Солдаты осторожно сняли с куста грузное тело неизвестного, в крепко сжатой руке которого масляно блеснул вороненый ствол пистолета, положили навзничь на траву. Жандарм направил луч фонаря на круглое, одутловатое лицо мужчины – это был тот самый лавочник, что продал Лихунову краковскую колбасу.
– Вам известен убитый? – коротко спросил жандарм у Лихунова.
– Да, я впервые увидел его вчера. Это продавец лавки.
– Это вы застрелили его, как понимаю?
– Должно быть, я, но он первым в меня стрелял.
– Кто это может подтвердить? Та женщина? Это ваша знакомая или… так…
– Да, знакомая, – переборол Лихунов желание нагрубить жандарму, – только я прошу вас не впутывать ее в эту историю. Мне не нужно свидетелей, я оправдаюсь. Теперь я даже рад, что так получилось, и смогу все рассказать кому следует.
– Ваши слова мне мало что говорят, но объясниться вам, капитан, конечно, придется. Передайте свою шашку и револьвер солдату – вы арестованы по подозрению в преднамеренном убийстве. Извольте следовать за мной.
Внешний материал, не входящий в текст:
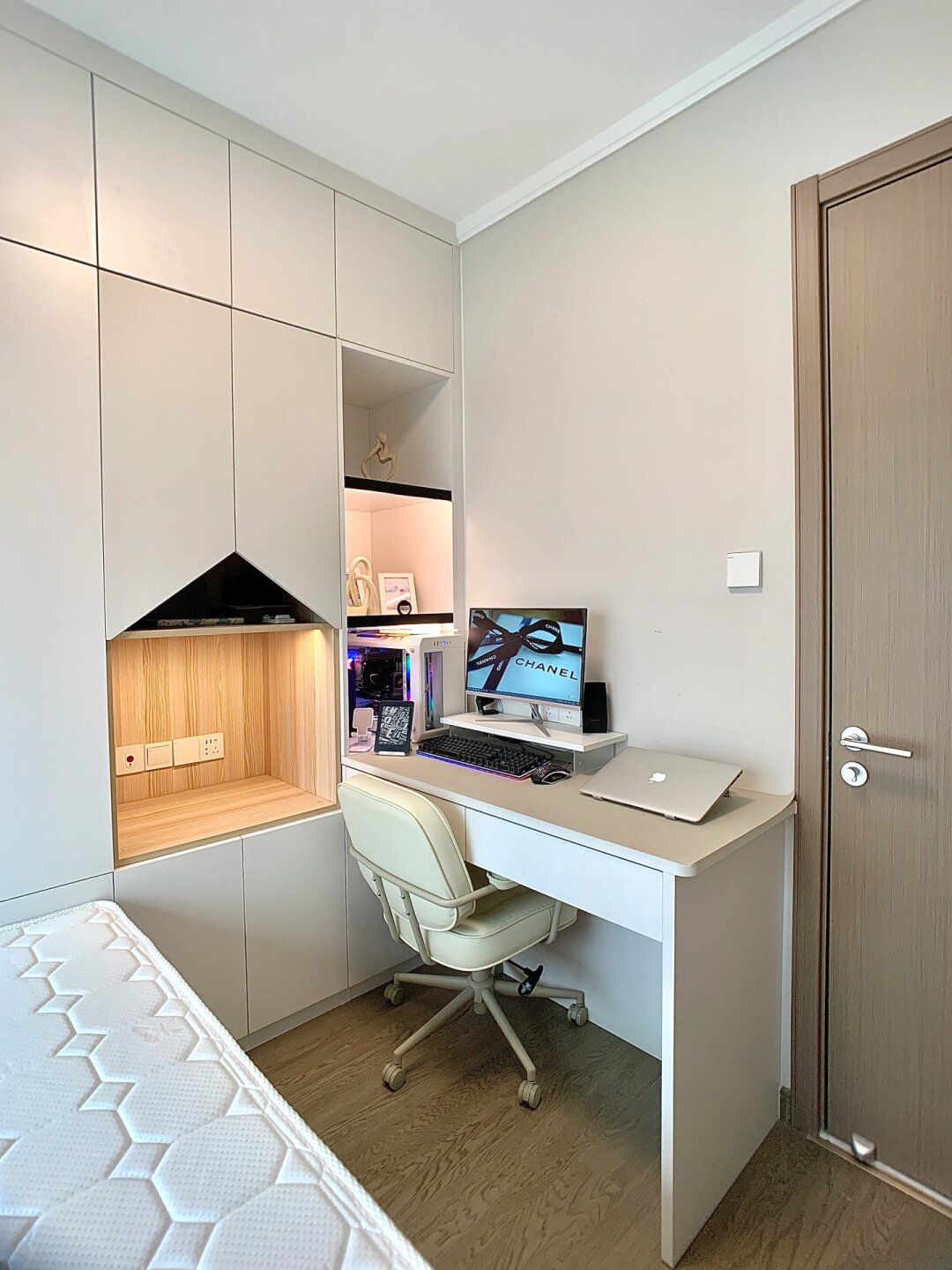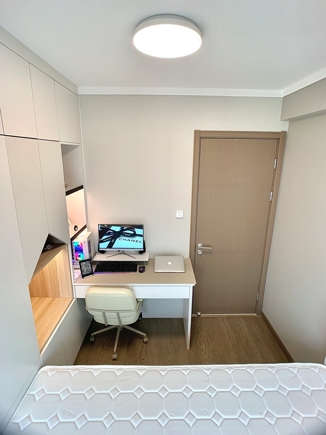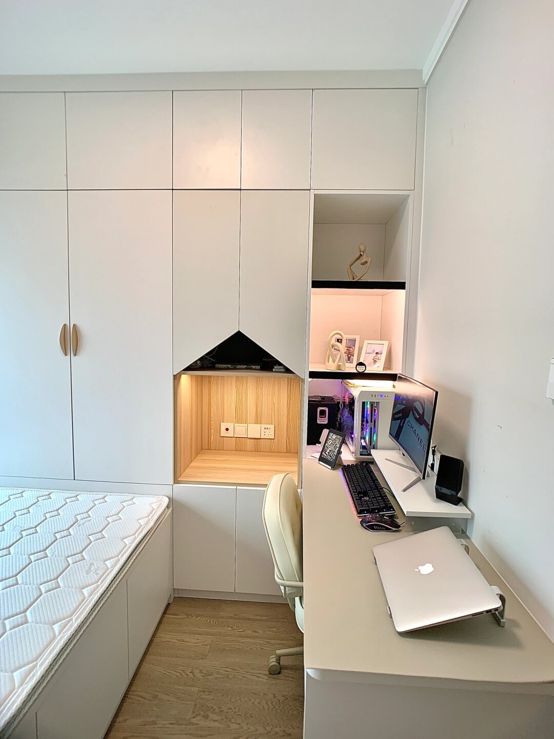6平米次卧我坚持装榻榻米桌垫太香了 (最后附尺寸设计图!!!) 都说榻榻米鸡肋,容易发霉不通风,但是我家还是坚持做了榻榻米设计。入住一年多了,发现榻榻米设计对于小户型来说,真的太适合了,不仅好看还实用。 我家套内67平三房两卫次卧只有6平,房间尺寸2.64m*2.66m。利用飘窗做榻榻米设计,榻榻米+衣柜+书桌,这样能更好的利用空间,收纳、休息、办公同时拥有。材质用的原木结构板,颜色是香榭白,开放格做了小房子造型设计。 书桌尺寸118*52,加上抽屉高度80cm,抽屉高度14cm,空间足够摆放台式电脑和动态本电脑。榻榻米书桌面比较容易刮花,最近安排了张书桌垫保护桌面,试过了好打理,双面的过几天看腻了还能换个面铺。 今天的分享先到这里有疑问的姐妹欢迎评论区留言~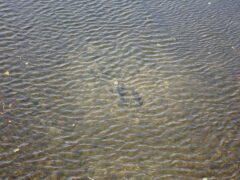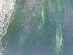 サケ 10/12 星置川ほしみ橋桁下 ほしみ橋桁の下では例年観察できますが今日は4尾が深さ20~30センチの深さの中で留まって、橋桁の下の範囲を泳いでいました。川底の状態も変わっていることもあって留まる場所も変わっていることも考えられます。川の水自体は大変きれいな星置川です。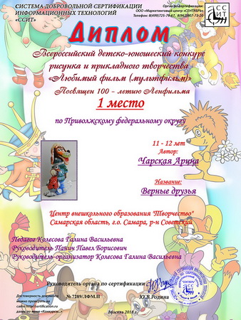 Учащиеся МБУ ДО «ЦВО «Творчество» г.о. Самара награждены дипломами за 1, 2 и 3 место.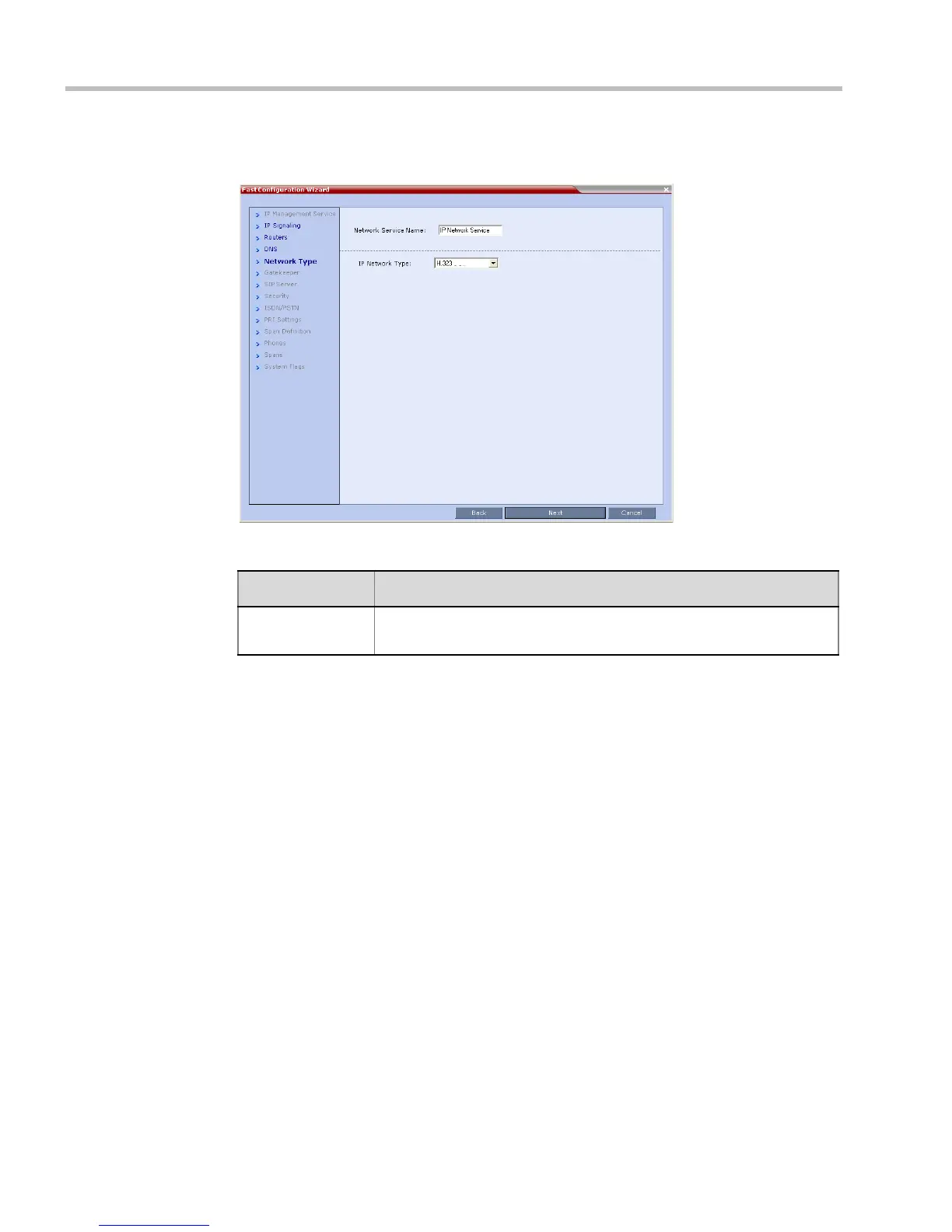 IP Network Type Select H.323 for an H.323-only Network Service.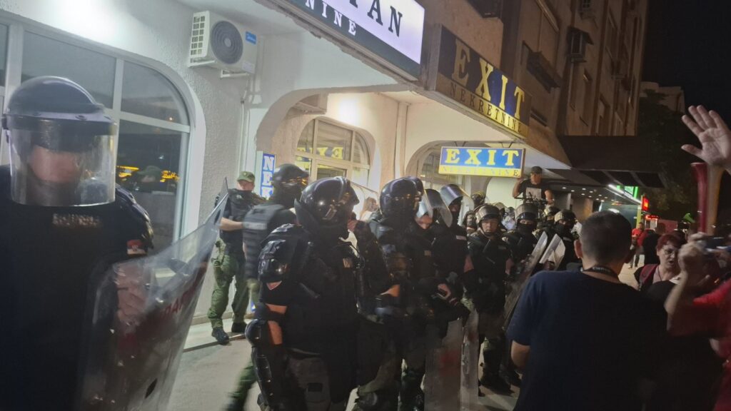 Okupljeni demonstranti su skakali i vikali „Izlazite napolje“ i „Ko ne skače, taj je Ćaci“.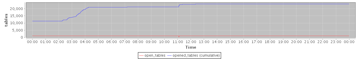 avg(open_tables) = 1199.05 avg(opened_tables (cumulative)) = 20800.56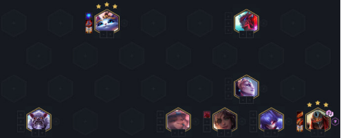 阵容早期的运营就可以走明昼战神、明昼刺客的体系来过渡,早期的三张牌皎月、提莫、劫最好都拿到,有两星皎月的质量可以很容易的稳连胜。但是大家要注意一点,明昼战神劫的体系是让劫主核,劫的上装属于定式,必须要有羊刀、火炮两件套。所以劫的装备成型至少是需要三件攻速装的,所以早期吃太多的连胜反而不利于阵容的成型。一般来说,走明昼战神劫的体系是需要抢6抢7的,劫、悠米都是需要追三的牌。所以早期尽量去凑3福星或者是天选福星打工,保证第一、二轮选秀至少能有两件攻速,这样合成劫需要的定式装就会比较容易。火炮、羊刀都是不可或缺的。一般来说,早期走连败血量能稳定在60~70即可,前期今早拉升人口上7人口,在7人口开始搜牌,重点是搜3星劫和3星悠米就毕业。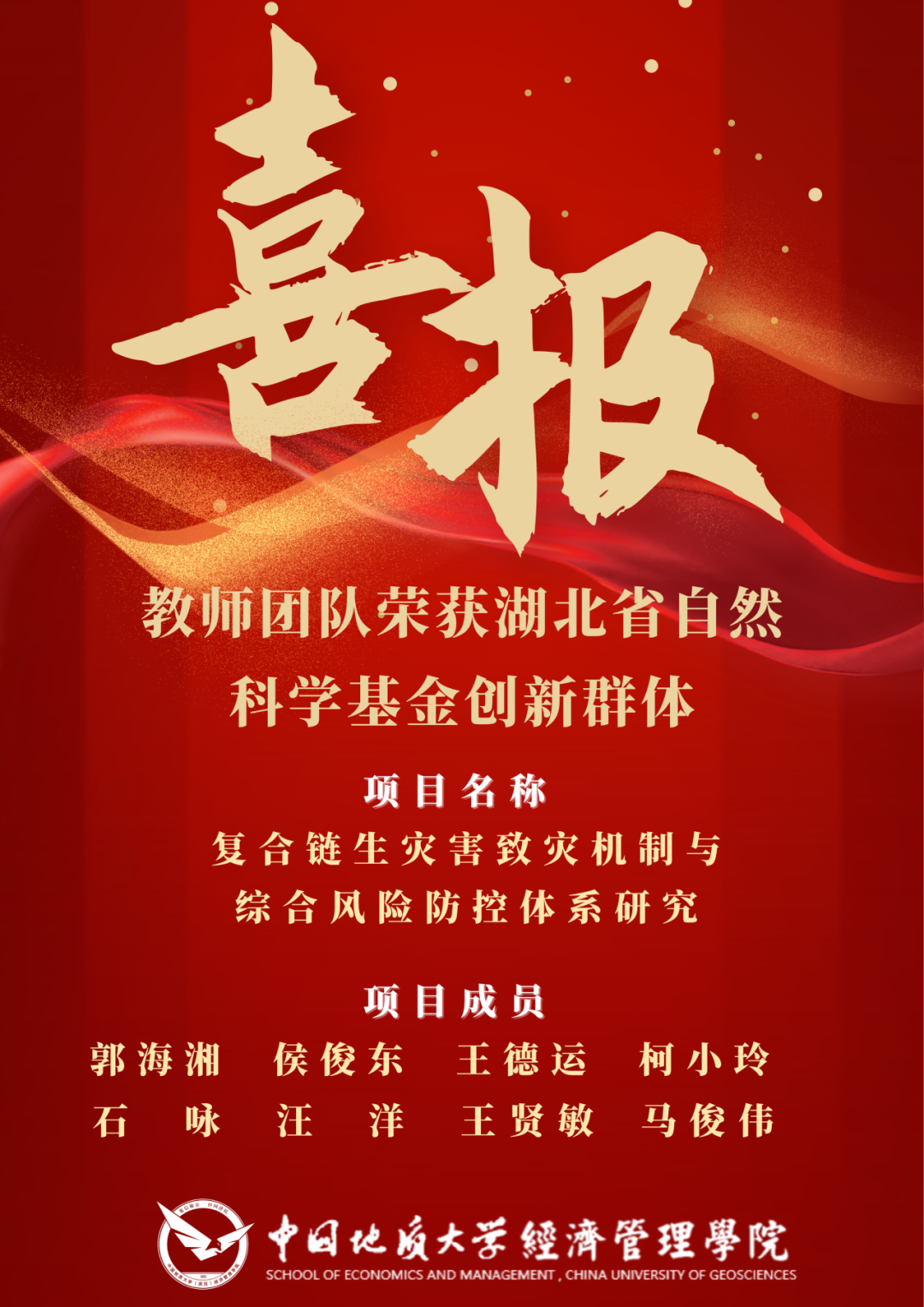 近日,湖北省自然科学基金获批名单公布,以Beat365官网郭海湘教授、侯俊东教授、王德运副教授、柯小玲副教授、石咏特任教授为核心的科研团队,协同工程学院汪洋教授、地球物理与空间信息学院王贤敏教授、湖北巴东地质灾害国家野外科学观测研究站马俊伟副研究员,共同申请的“复合链生灾害致灾机制与综合风险防控体系研究”,荣获湖北省自然科学基金创新群体项目支持,该群体项目是学校培育支持的复合链生灾害风险决策与应急管理交叉团队的重要成果,也是近年来学院获得的首个交叉学科湖北省自然科学基金创新群体项目。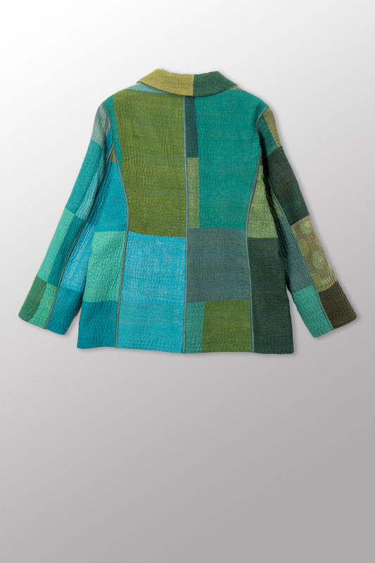OMBRE PATCHED KANTHA BASIC JACKET - op4052-grn -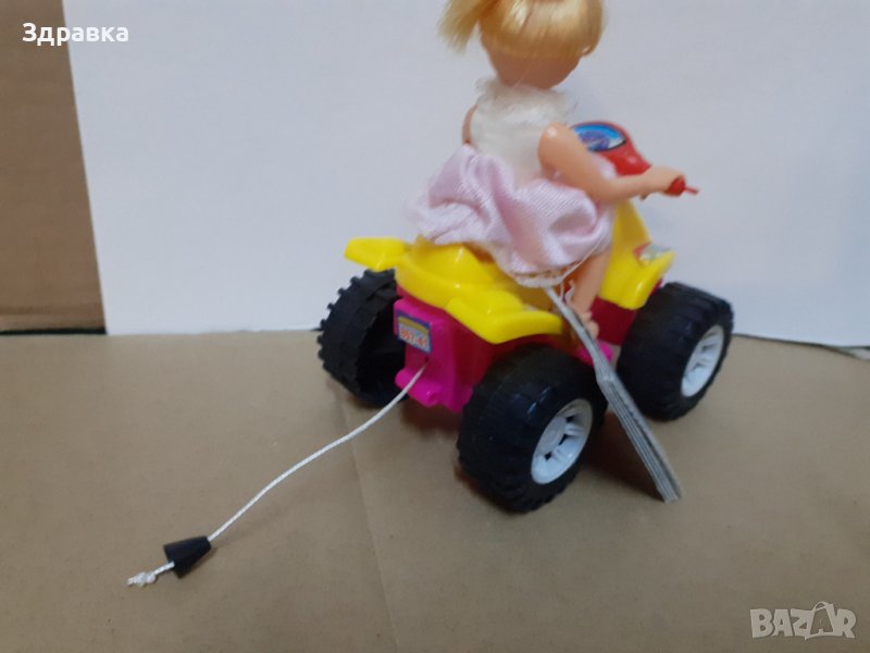 Кукла на АТВ. Механична играчка придвижва се сама след издърпване на шнурчето от задната страна.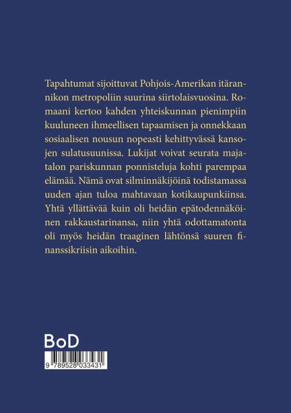 Tämä romaani on kertomus Jakon ja Jennyn yllättävästä kohtaamisesta 1800-luvun viimeisillä vuosikymmenillä Pohjois-Amerikan itärannikon suurkaupungissa. Lukijat voivat seurata kahden yhteiskunnan pienimpiin kuuluneen henkilön ihmeellisen rakkaustarinan ja heidän epätodennäköisen sosiaalisen nousunsa nopeasti kehittyvässä kansojen sulatusuunissa. Jenny on irlantilaistaustainen toisen polven siirtolainen. Entisellä merimiehellä Jakolla taas on pohjoisnorjalainen tausta ja hän on vahingossa ajautunut Amerikkaan ja tällöin törmännyt majatalon palvelijattareen, tulevaan vaimoonsa. Tässä kirjassa kuvaillaan majatalon maanläheisen pariskunnan ponnisteluja tulevaisuutensa turvaamiseksi. He saavat läheltä seurata uuden ajan tuloa mahtavaan kotikaupunkiinsa. Rakastavaiset lähtevät traagisesti suuren finanssikriisin aikoihin.
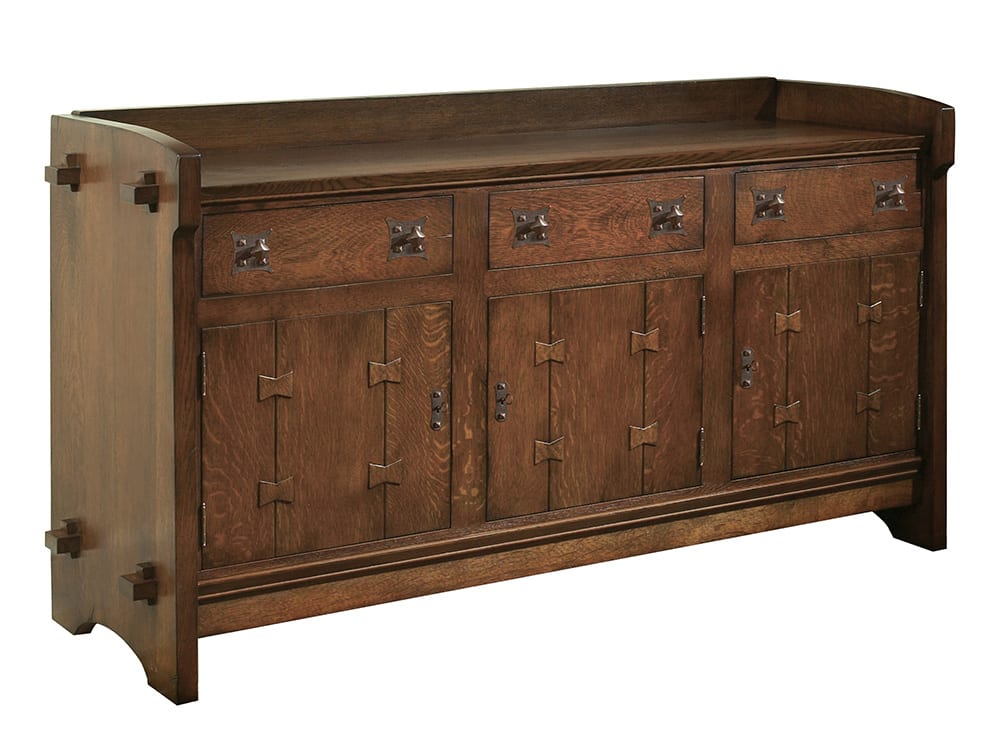 One of Gustav Stickley's earliest designs, this piece features massive slab ends with through keyed tenons and raised butterfly joinery as well as plenty of storage space. One adjustable shelf behind each of the doors and a secret compartment for treasured keepsakes. Available in solid oak.

Лихунов видел, с какой затаенной, плотоядной, дикой радостью сообщает жандарм ему свое решение, слышал запах лука, долетавший до него, и чувствовал полное бессилие, какую-то младенческую беспомощность, совершенную невозможность противостоять ужасной, всеразрушающей силе хорошо отработанной кем-то системы, методично, шаг за шагом двигающей огромную стотысячную толпу людей, заключенных в стенах крепости, к полному уничтожению.
Когда Лихунова вывели из-за кустов, Маша сидела на скамейке с крепко сцепленными на коленях руками и смотрела на них. Вскинула голову и, посмотрев на Лихунова, сразу все поняла.
– Константин Николаевич, я во второй госпиталь определена. При нем и жить буду…
Но Лихунов ничего не ответил девушке, только посмотрел на нее благодарно и прямо. Он знал, что уже любит ее и будет любить Машу долго, может быть, всегда. Лихунов также знал, что и она полюбила его, но капитан догадывался еще и о том, что между ними стоит что-то очень высокое, крепкое, надежнонепрошибаемое и безжалостно-тупое, как тот форт, что он недавно видел. Эта преграда будет разделять их всю жизнь, никогда не позволяя быть им вместе.